● What you need to do:
The line with "Chegaram ao Senado" marks the start; please set it down along with all later lines through the end of the material, exactly, leaving out pictures.
---------- Data block
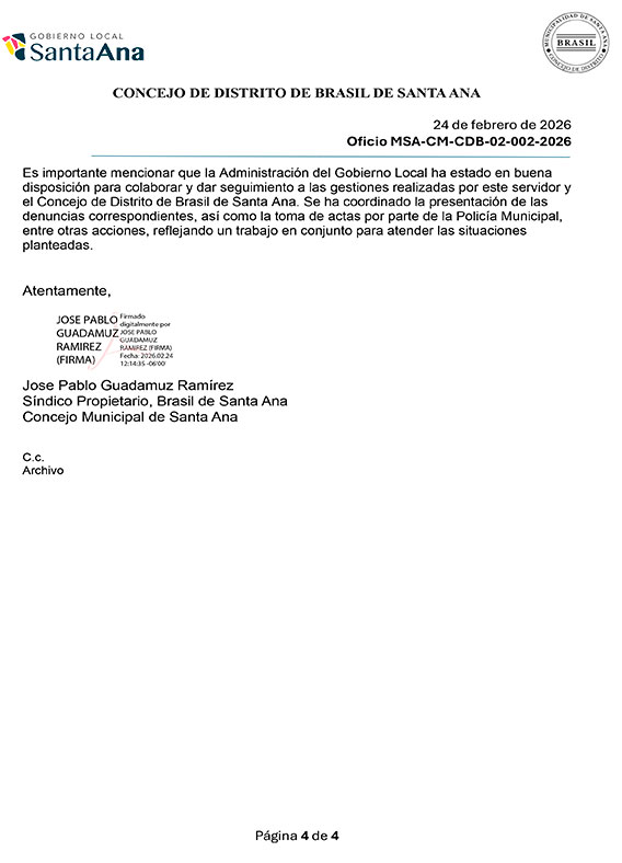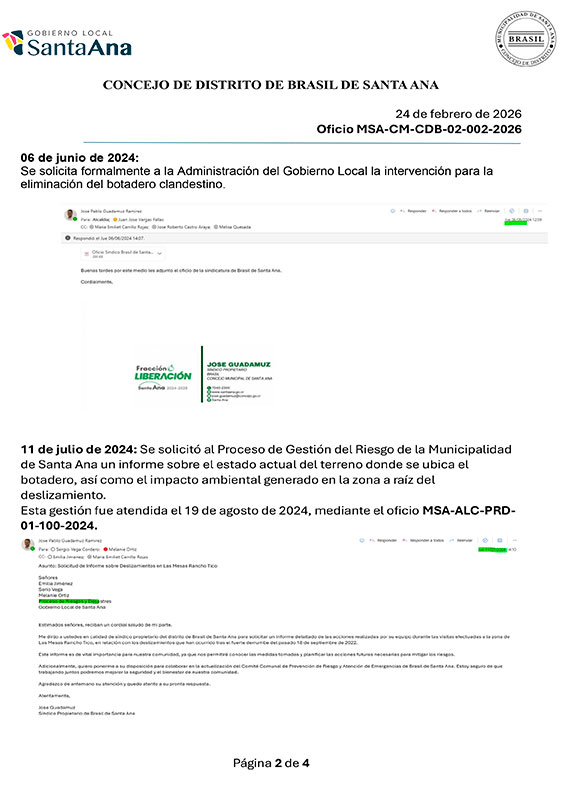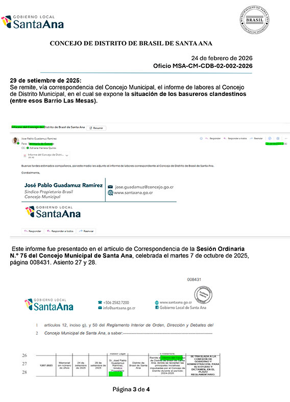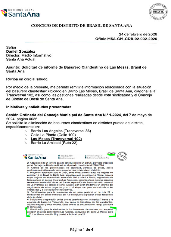 De acuerdo con la documentación remitida a este medio por el síndico del Concejo de Distrito de Brasil, el tema fue planteado formalmente en la Sesión Ordinaria N.º 1-2024 del Concejo Municipal, celebrada el 7 de mayo de 2024, donde se solicitó la eliminación de varios basureros clandestinos en el distrito, incluyendo el de:
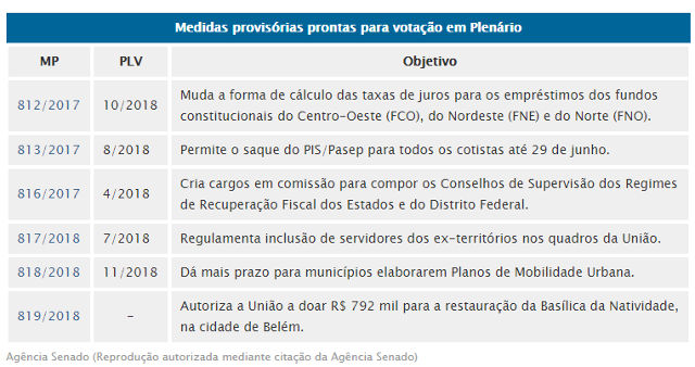 Chegaram ao Senado na quinta-feira (24) os PLVs 7/2018 e 11/2018 e a MP 819/2018, mas a pauta já estava trancada pelos PLVs 4, 8 e 10/2018 (confira quadro abaixo). Todas essas propostas só têm vigência até a próxima sexta-feira (1º). O presidente do Senado, Eunício Oliveira, afirmou à imprensa nesta sexta-feira (25) que o plenário pode votar as MPs rapidamente se houver necessidade e entendimento entre as lideranças da Casa.
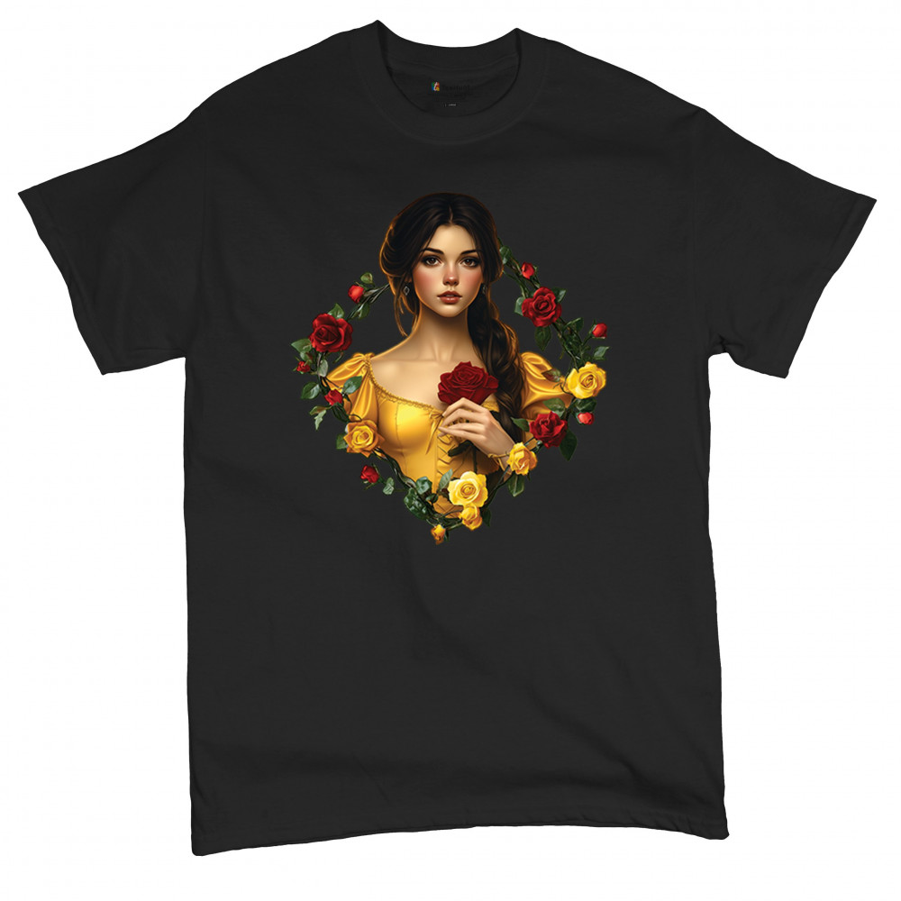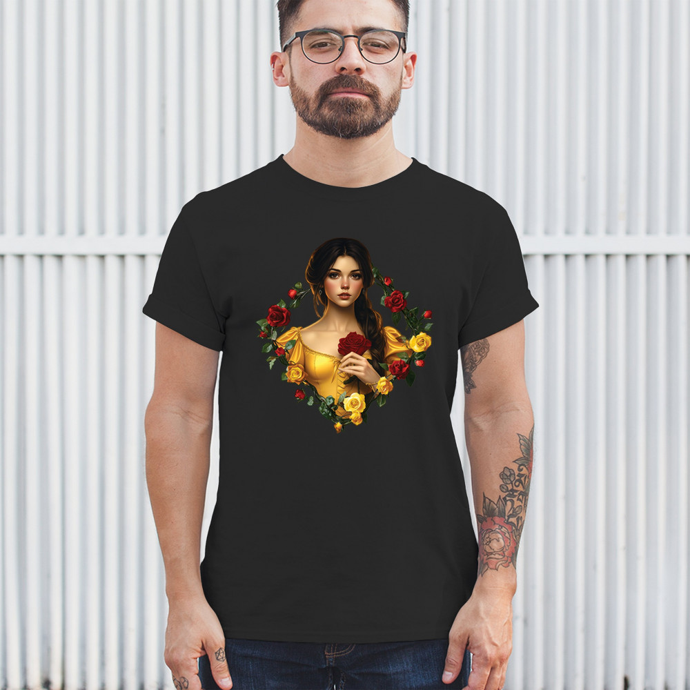 Inspired by classic fairytales, this design features a girl in a yellow gown holding a red rose, framed by rich red and yellow roses. A tribute to Beauty and the Beast, it radiates warmth, romance, and timeless fantasy. Perfect for storybook lovers, enchanted art collectors, or those drawn to magical, symbolic imagery filled with beauty and grace.
--------------------
● Response area:
 Chegaram ao Senado na quinta-feira (24) os PLVs 7/2018 e 11/2018 e a MP 819/2018, mas a pauta já estava trancada pelos PLVs 4, 8 e 10/2018 (confira quadro abaixo). Todas essas propostas só têm vigência até a próxima sexta-feira (1º). O presidente do Senado, Eunício Oliveira, afirmou à imprensa nesta sexta-feira (25) que o plenário pode votar as MPs rapidamente se houver necessidade e entendimento entre as lideranças da Casa.
 Inspired by classic fairytales, this design features a girl in a yellow gown holding a red rose, framed by rich red and yellow roses. A tribute to Beauty and the Beast, it radiates warmth, romance, and timeless fantasy. Perfect for storybook lovers, enchanted art collectors, or those drawn to magical, symbolic imagery filled with beauty and grace.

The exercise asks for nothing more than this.